Trevor Donaldson Mon, 16 Feb 2015 16:39:42 -0800

Thanks Andy for responses. See responses inline. One thing that I noticed
is that if I use sparql insert queries that the behavior is as expected.


On Mon, Feb 16, 2015 at 5:07 PM, Andy Seaborne <[email protected]> wrote:

> Still waiting for the answer to:
> [[
> Does the size stabilise?
> If not, do some files stabilise in size and other not?
> ]]

    No the size does not stabilize. I will have to check if some files
stabilize and others do not.


>
>


> On 16/02/15 18:14, Trevor Donaldson wrote:
>
>> Hi think my question got lost. Is it correct to add millions of triples to
>> the model and then persist the model once using putmodel. I didn't want to
>> get a timeout or anything like that.
>>
>
> Updates don't time out.  Small numbers of millions is no big deal in a
> single operation append operation (INSERT DATA or POST / addModel).
>
> ***I would be using a putModel not an addModel.

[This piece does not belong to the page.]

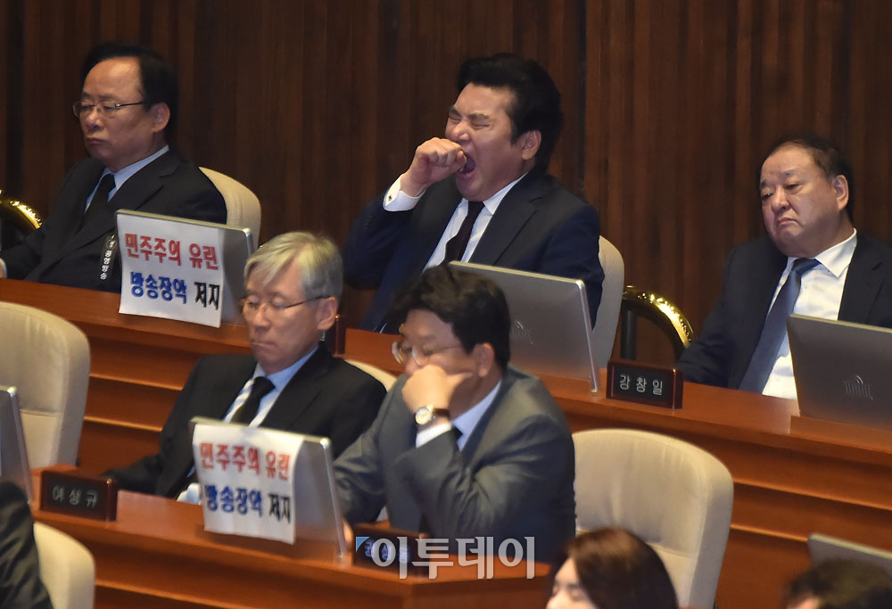 문재인 대통령이 1일 오전 서울 여의도 국회 본회의장에서 429조원 규모의 2018년도 예산안 및 새 정부 국정과제 이행을 위한 개혁법안 통과를 당부하며 시정연설을 하는 가운데, 자유한국당 의원들이 지루한 표정을 짓고 있다. 국회사진취재단

The reason for this is
that I need to update a model after removing certain statements.


> In your loop you have:
>
> Resource subject = ResourceFactory.createResource("http://
> example.org/task/"+i);
>
> so a new URI is generated every time.  Nodes are not recovered on delete
> (too expensive to reference count them - see earlier in the thread).
>
> Batching updates may help performance.
>
>  On Feb 13, 2015 5:11 PM, "Trevor Donaldson" <[email protected]> wrote:
>>
>>  I am using Fuseki2. I thought it manages the transactions for me. Is this
>>> not the case?
>>>
>>
> ****"Manages" in the sense that each HTTP interaction is a transaction.
> HTTP is a stateless protocol. Yes "manages" in the sense that each HTTP
> interaction is a transaction. I was responding to your transaction
> question. I thought that Fuseki had all the code to handle transactions. I
> may be wrong though.
>
>  I was using datasetfactory to interact with fuseki.
>>
>
> Was that meant to be DatasetAccessorFactory?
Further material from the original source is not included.